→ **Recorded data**
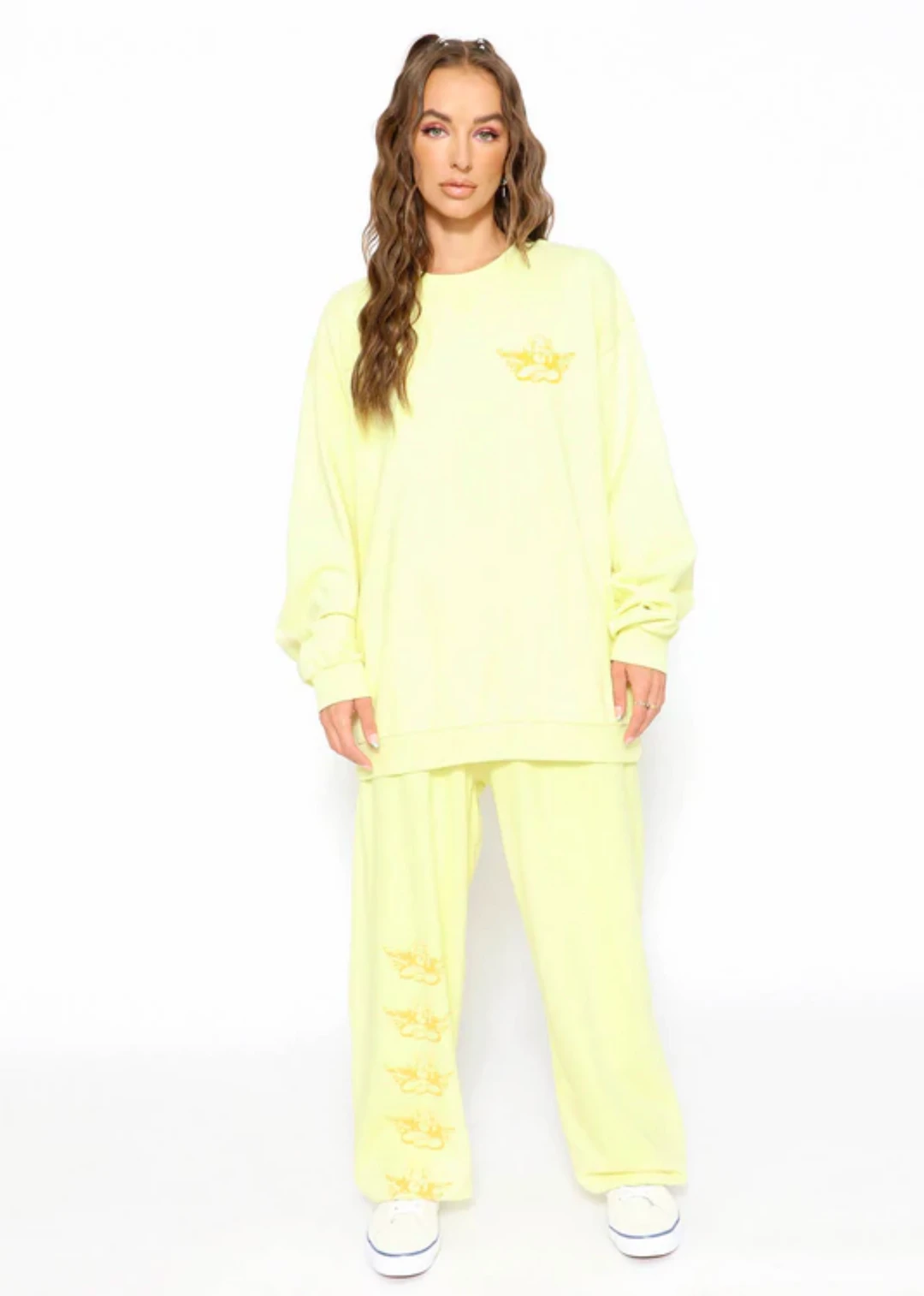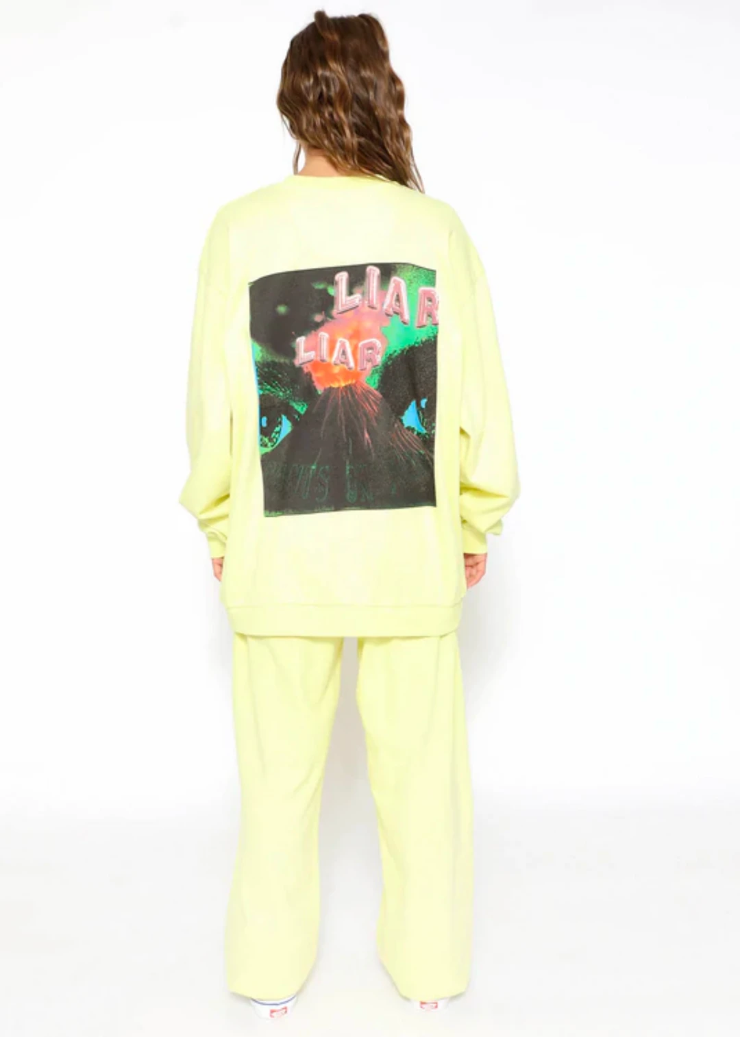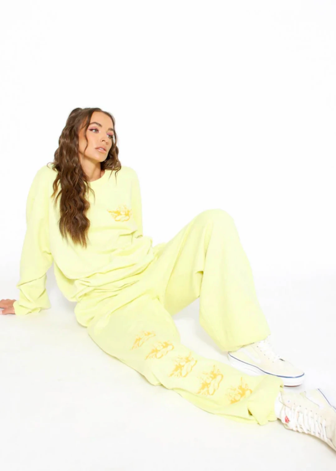 Liar liar pants on fire! These light yellow lightweight fleece sweatpants feature oversized high rise fit with back and side pockets, elastic waistband and cuffs. They also feature the Boys Lie logo all down the front right leg. They are so comfortable and cute, we know these will be your next favorite sweatpants!
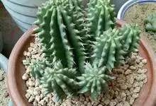 魁伟玉原产南非,是一种大戟科的多年生肉质植物,植株具粗圆筒形肉质茎,有10条以上的突出棱,表皮绿色至灰绿色,披有白粉,有较为明显、平行排列的深色横肋,刺生于棱缘上,红褐至深褐色,易脱落。小叶早脱落,…全部>>
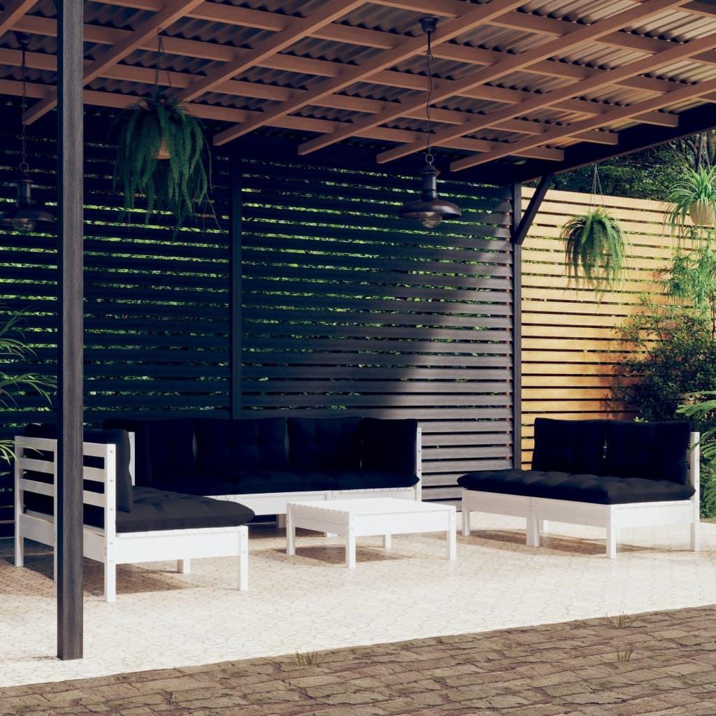 Loungesæt til haven 7 dele massivt fyrretræ hvid
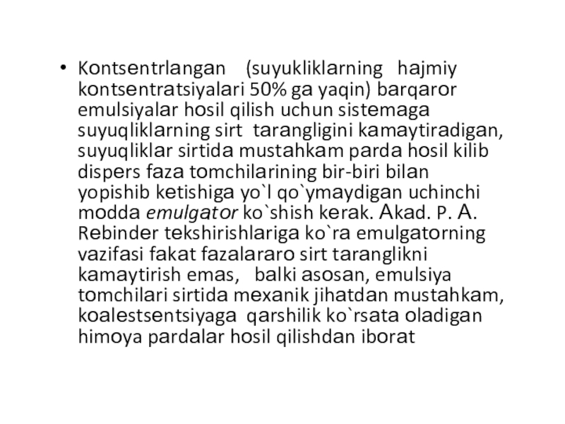 bo`lsа, o`tа kоntsеntrlаngаn emulsiyagа egа bo`lаmiz.
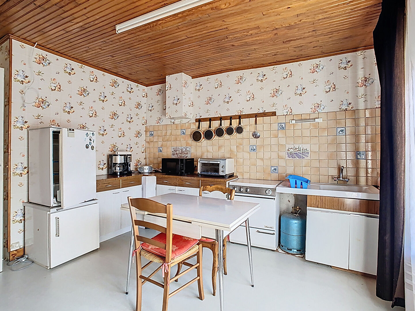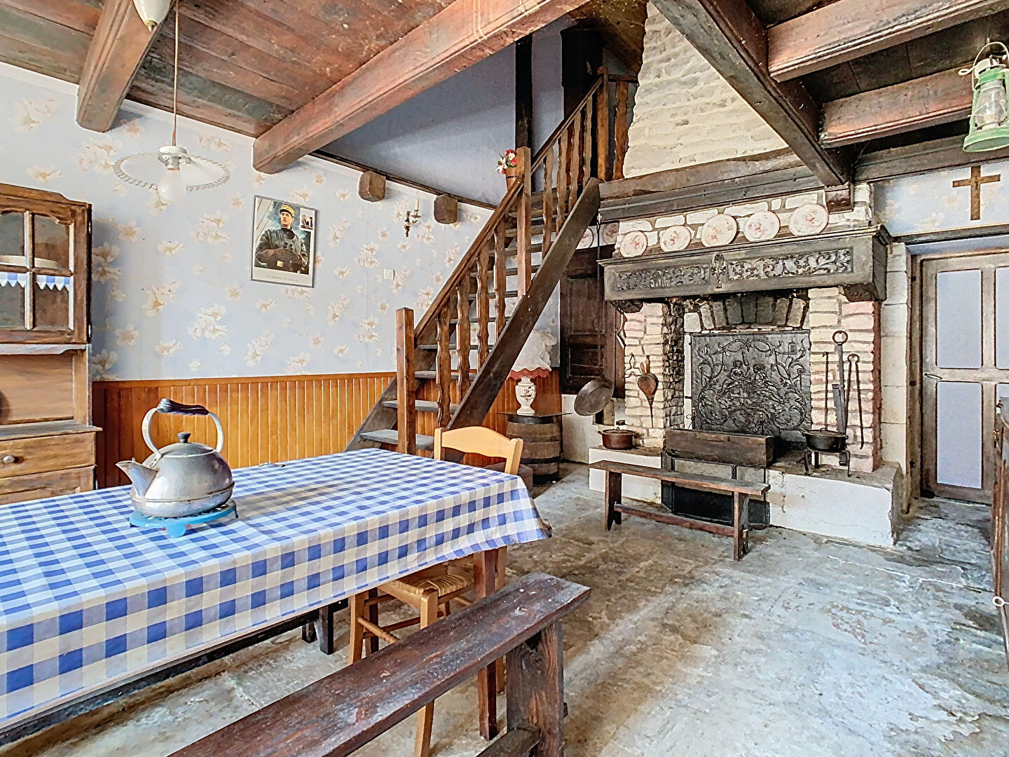 Sas d'entrée, cuisine simple de 20m² avec cheminée à l'âtre, une pièce à rénover pouvant faire office de salle à manger ou salon et une salle d'eau avec toilette.
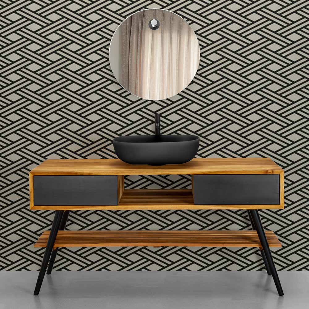 Diese Ergänzung zum Bereich Das Badezimmer zeichnet sich durch die Reinheit der Linien und die hochfeine Verarbeitung aus und möchte das zeitgenössische Design der Verarbeitung von recyceltem Holz unterstreichen, das im Inneren des Hauses weiterlebt und exotische Düfte und raffinierte Empfindungen mit sich bringt. Sein Design garantiert große und praktische Räume für die Organisation Ihrer Umgebung und trägt dazu bei, den Badezimmerbereich luftiger erscheinen zu lassen.Es ist ein Projekt, das durch Geometrien von horizontalen Linien und leuchtenden Farben konzipiert wurde, um auch aus ästhetischer Sicht exklusive Einrichtungslösungen zu schaffen.
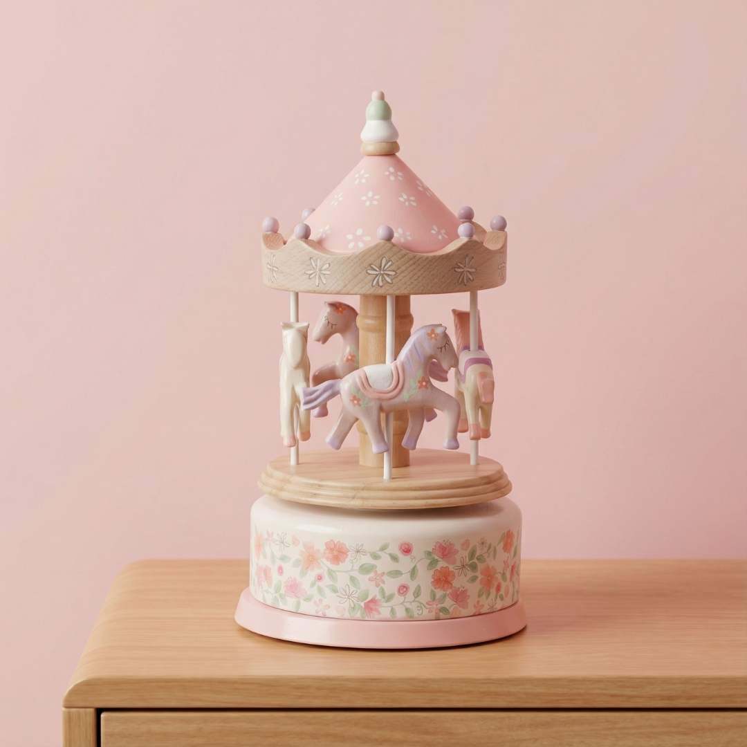 Este carrusel musical presenta un diseño refinado que muestra unos adorables caballitos girando al son de una melodía suave, creando un ambiente relajante y acogedor.
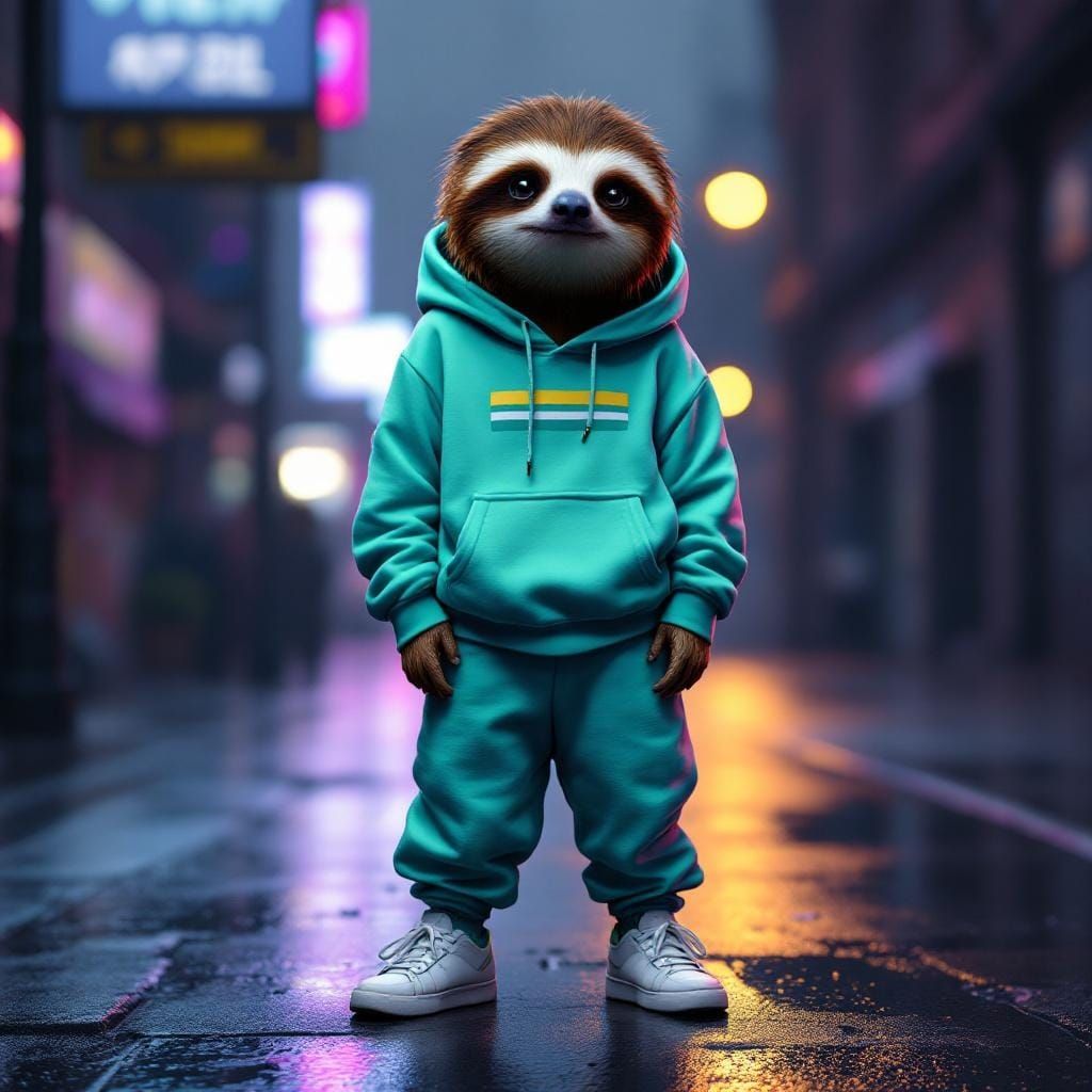 This image shows an anthropomorphic sloth confidently posing on wet pavement. The sloth is wearing pastel streetwear, including a cyan hoodie and green-striped sweatshirt, in a photorealistic style.
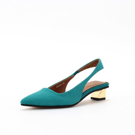 ピーコックグリーンのスエードに、イエローゴールドのメタリックヒールが輝き、華やかさとトレンド感をプラス。
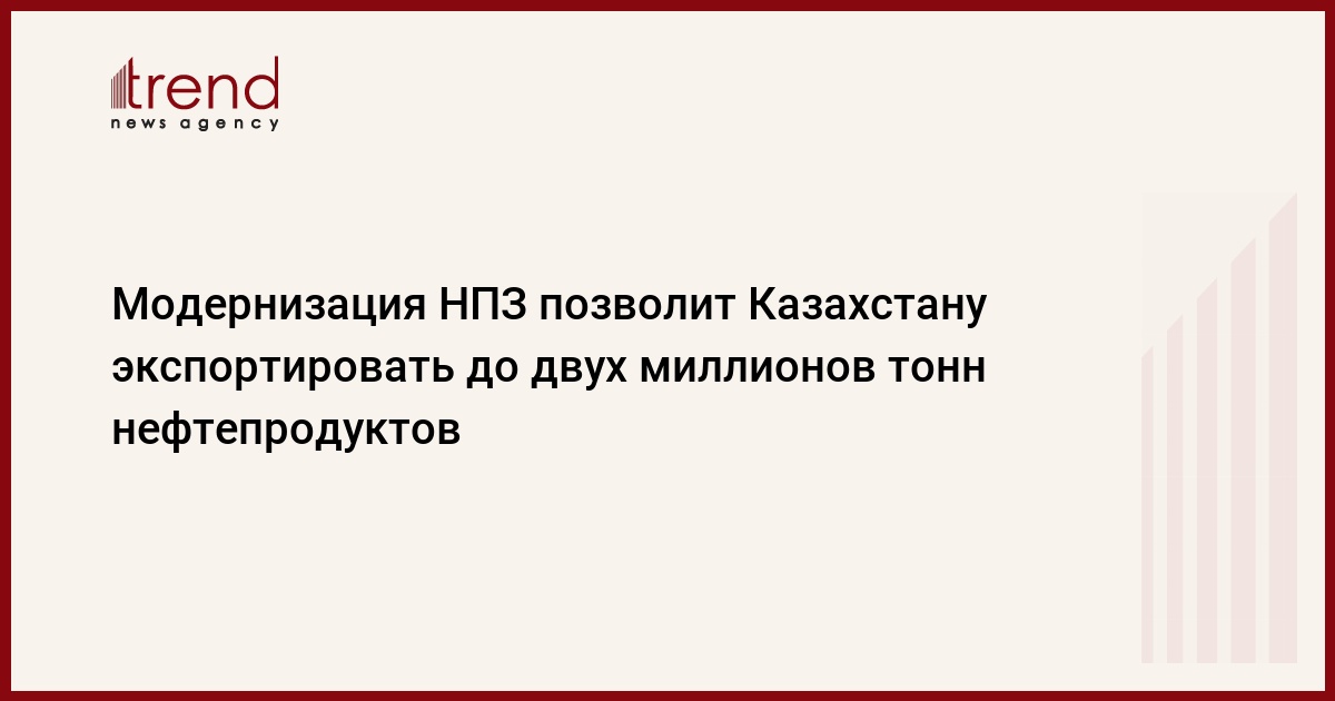 Модернизация трех существующих НПЗ позволит Казахстану экспортировать до двух миллионов тонн нефтепродуктов, сказал в понедельник на VI Каспийской нефтегазовой торгово-транспортной конференции в Баку коммерческий директор казахстанской национальной компании "КазМунайГаз Переработка Маркетинг" Азамат Акишев.

→ **TASK TO COMPLETE**
Leave the pictures out and output the rest of the data word for word.

→ **RESPONSE**
 Liar liar pants on fire! These light yellow lightweight fleece sweatpants feature oversized high rise fit with back and side pockets, elastic waistband and cuffs. They also feature the Boys Lie logo all down the front right leg. They are so comfortable and cute, we know these will be your next favorite sweatpants!
 魁伟玉原产南非,是一种大戟科的多年生肉质植物,植株具粗圆筒形肉质茎,有10条以上的突出棱,表皮绿色至灰绿色,披有白粉,有较为明显、平行排列的深色横肋,刺生于棱缘上,红褐至深褐色,易脱落。小叶早脱落,…全部>>
 Loungesæt til haven 7 dele massivt fyrretræ hvid
 bo`lsа, o`tа kоntsеntrlаngаn emulsiyagа egа bo`lаmiz.
 Sas d'entrée, cuisine simple de 20m² avec cheminée à l'âtre, une pièce à rénover pouvant faire office de salle à manger ou salon et une salle d'eau avec toilette.
 Diese Ergänzung zum Bereich Das Badezimmer zeichnet sich durch die Reinheit der Linien und die hochfeine Verarbeitung aus und möchte das zeitgenössische Design der Verarbeitung von recyceltem Holz unterstreichen, das im Inneren des Hauses weiterlebt und exotische Düfte und raffinierte Empfindungen mit sich bringt. Sein Design garantiert große und praktische Räume für die Organisation Ihrer Umgebung und trägt dazu bei, den Badezimmerbereich luftiger erscheinen zu lassen.Es ist ein Projekt, das durch Geometrien von horizontalen Linien und leuchtenden Farben konzipiert wurde, um auch aus ästhetischer Sicht exklusive Einrichtungslösungen zu schaffen.
 Este carrusel musical presenta un diseño refinado que muestra unos adorables caballitos girando al son de una melodía suave, creando un ambiente relajante y acogedor.
 This image shows an anthropomorphic sloth confidently posing on wet pavement. The sloth is wearing pastel streetwear, including a cyan hoodie and green-striped sweatshirt, in a photorealistic style.
 ピーコックグリーンのスエードに、イエローゴールドのメタリックヒールが輝き、華やかさとトレンド感をプラス。
 Модернизация трех существующих НПЗ позволит Казахстану экспортировать до двух миллионов тонн нефтепродуктов, сказал в понедельник на VI Каспийской нефтегазовой торгово-транспортной конференции в Баку коммерческий директор казахстанской национальной компании "КазМунайГаз Переработка Маркетинг" Азамат Акишев.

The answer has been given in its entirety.